[It needn't be the] Theatre of the Absurd


It strikes me that the government is rapidly losing its audience in the tragicomic drama that is Covid-19. Not only its audience but its stage crew; with a rebellion building from the back benches [various posts, this blog passim] via the 1922 Committee. The Cabinet's vacillations between doing the right thing, on the one hand epidemiologically and on the other to assuage the concerns of those in business and their employees, now simply looks from the outside like rabbit-stuck-in-a-headlight territory.
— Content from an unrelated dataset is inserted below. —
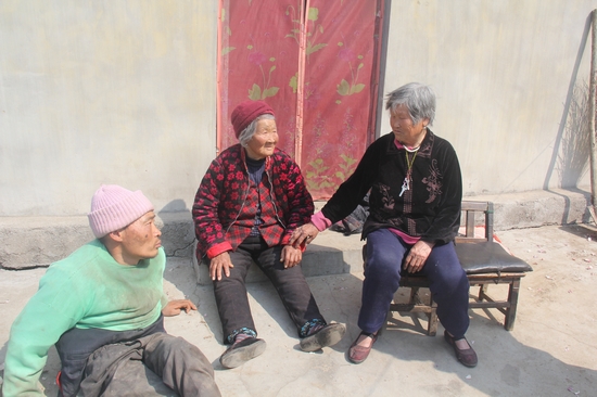 韓邦英老人(右一)與孫姚氏娘倆曬太陽拉家常

Rather than sticking with a plan for either and seeing the thing through until the vaccines are out there in the wild, they're stuck forever in a feedback loop of indecision, losing the faith of all sections of the theatre's audience simultaneously.

Trump has learned to his electoral cost the folly of theatre gone wrong; Johnson really needs to win over his own theatre before the catcalls start and the rotten tomatoes begin to rain down on his sorry cast from the stalls, circle and even from the private boxes of his own erstwhile supporters and co-conspirators. Meanwhile the rest of us wait for at least some consistency of message and direction from him and his Cabal Cabinet.
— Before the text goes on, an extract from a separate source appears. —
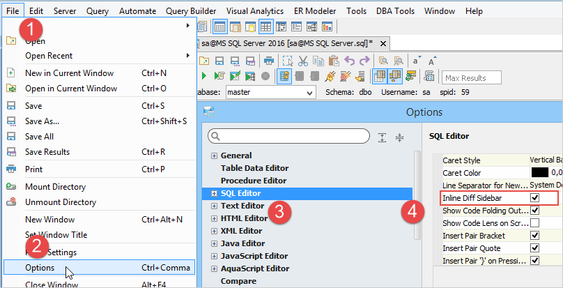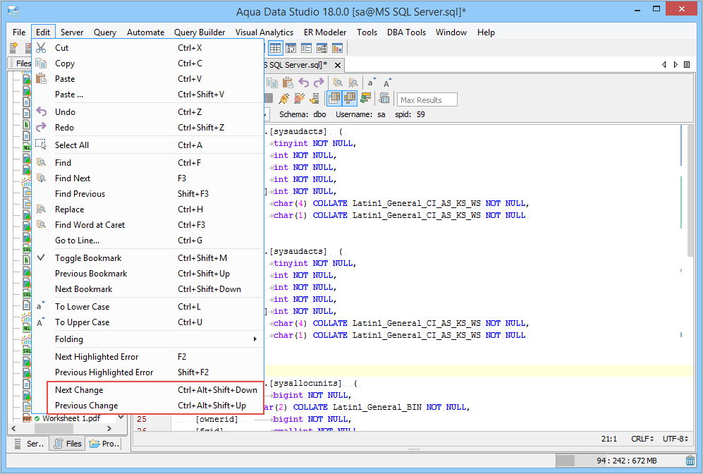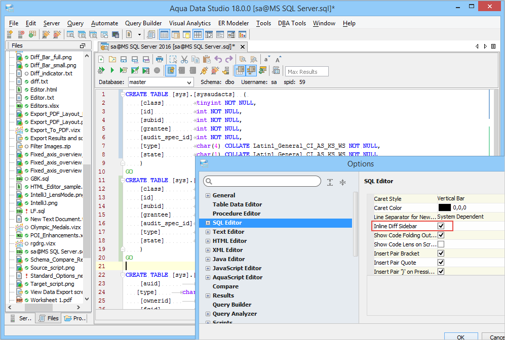 When you modify a file in a version controlled repository, Aqua Data Studio displays inline diff indicators on the Annotation bar. The inline diff indicator automatically indicates the differences between the edited file and its corresponding file in the repository using a different color for each action; a green diff indicator () signifies addition and a blue diff bar indicator (

We can either take Trump's insane path into pandemic oblivion: currently, fifty Americans are dying every hour from the disease; [with poor old Biden's unenviable task to tackle all of this head-on as soon as the absurdist shadow-play of their transition period is over]; or we exercise extreme caution on the disease front and suck up the economic consequences until such time as it is actually realistic to restart the economy: this will require State and Central Bank co-operation, and interventions that for some will appear uncomfortably Socialist in nature.

I for one would welcome that scenario, at least in the short to medium term; we've already seen that Rishi Sunak has been willing to entertain the concept in quite positive terms, albeit being apparently reined back from time to time as the Government's stance wobbles yet again. So Boris, let's sort our collective health and welfare issues out first, before worrying about the cost; and most definitely without the loss of the livelihoods of those of us without your privilege, money and position. You owe us that much.